Co-deletion of 1p/19q was associated with extended OS and PFS in patients with glioma, according to results of a meta-analysis.
Factors that influence the prognosis of glioma are not fully understood. Although loss of the heterozygosity of 1p/19q has long been known to be a common molecular signature of oligodendroglial neoplasms, prior research had not established whether loss of 1p/19q was associated with survival outcomes in gliomas, according to background information in the study.
In the current study, researchers reviewed data from the PubMed and Embase databases to examine the association between the loss of heterozygosity of 1p/19q and PFS and OS in patients with glioma.
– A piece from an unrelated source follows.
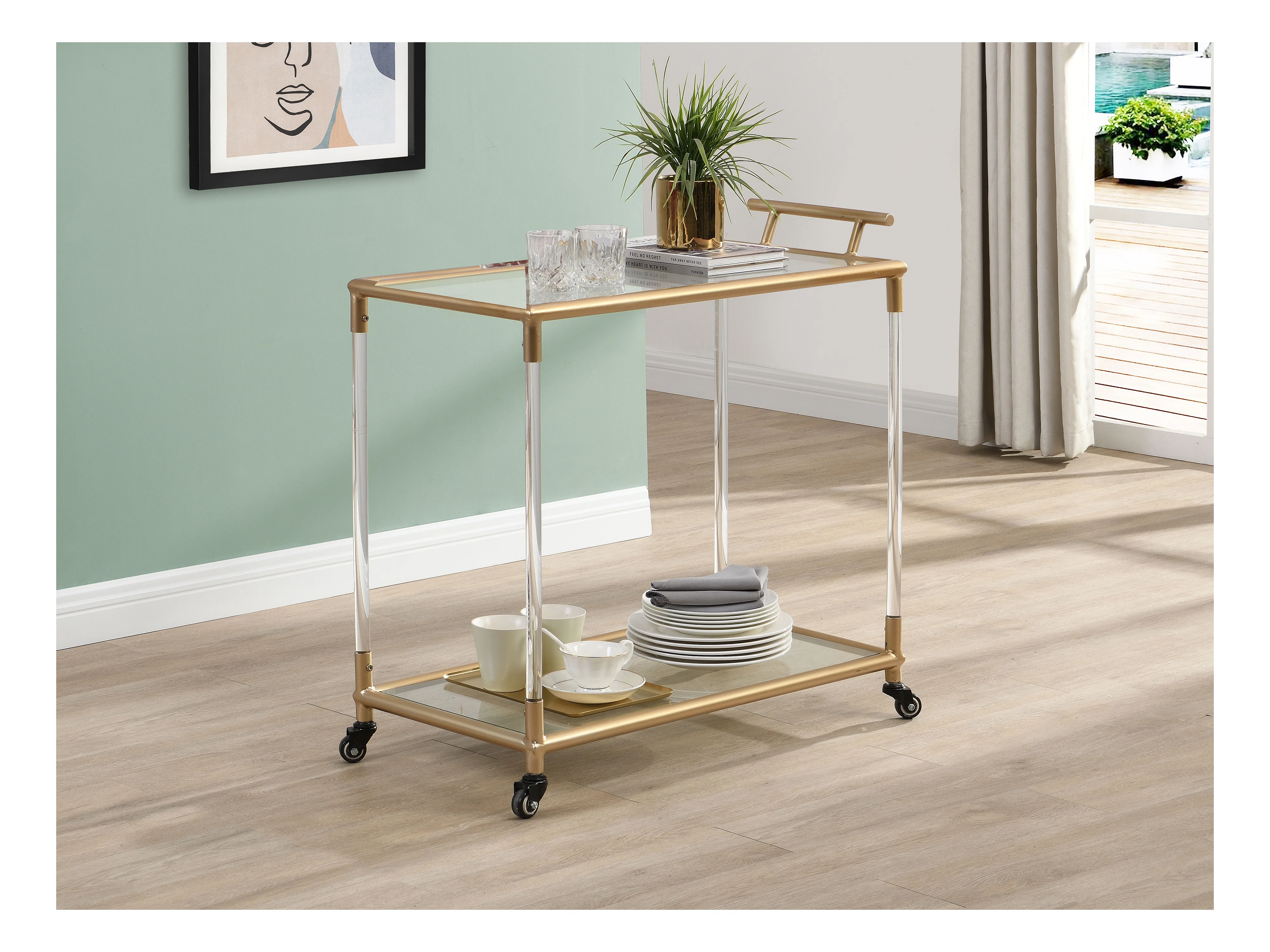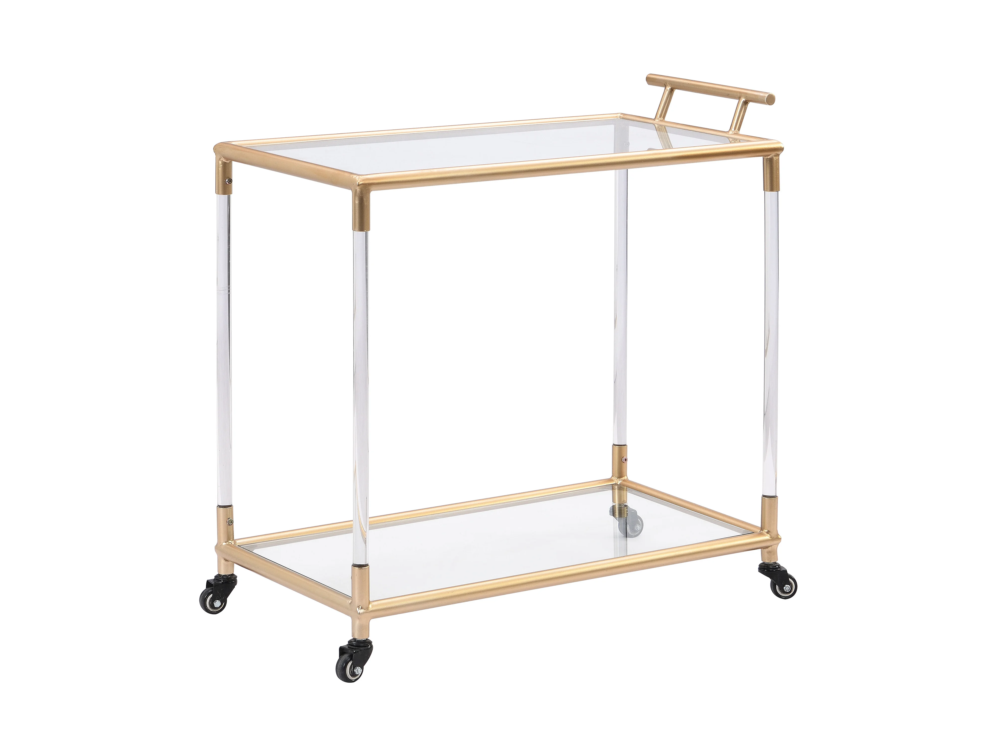 Desserte de cuisine à roulettes double plateau en verre trempé et métal - Transparent et doré - ORULA

The analysis included 28 studies that included a combined 3,408 cases.
They determined patients with co-deletion of 1p/19q was associated with improved PFS (HR=0.63; 95% CI, 0.52–0.76) and OS (HR=0.43; 95% CI, 0.35–0.53) compared with those in the chromosomal intact group.
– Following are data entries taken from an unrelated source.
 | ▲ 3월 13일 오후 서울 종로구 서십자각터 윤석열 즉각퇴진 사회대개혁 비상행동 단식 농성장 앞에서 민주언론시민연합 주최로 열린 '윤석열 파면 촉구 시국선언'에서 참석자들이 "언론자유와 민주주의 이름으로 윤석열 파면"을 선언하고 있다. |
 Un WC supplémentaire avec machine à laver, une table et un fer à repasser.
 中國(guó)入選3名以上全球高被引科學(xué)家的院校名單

Results of a subgroup analysis indicated this association was independent of detection methods and the grades/subtypes of gliomas.
The isodeletion of 1p predicted similar favorable outcomes for PFS (HR=0.68; 95% CI, 0.47–0.97) and OS (HR=0.51; 95% CI, 0.35–0.75). However, isodeletion of 19q was only associated with improved PFS (HR=0.70; 95% CI, 0.56–0.87).
“Isodeletion of 1p predicts similar outcomes but to a lesser extent, whereas the effects of isodeletion of 19q remained only marginal,” the researchers wrote.
Disclosure: See the study for a full list of the researchers’ relevant financial disclosures.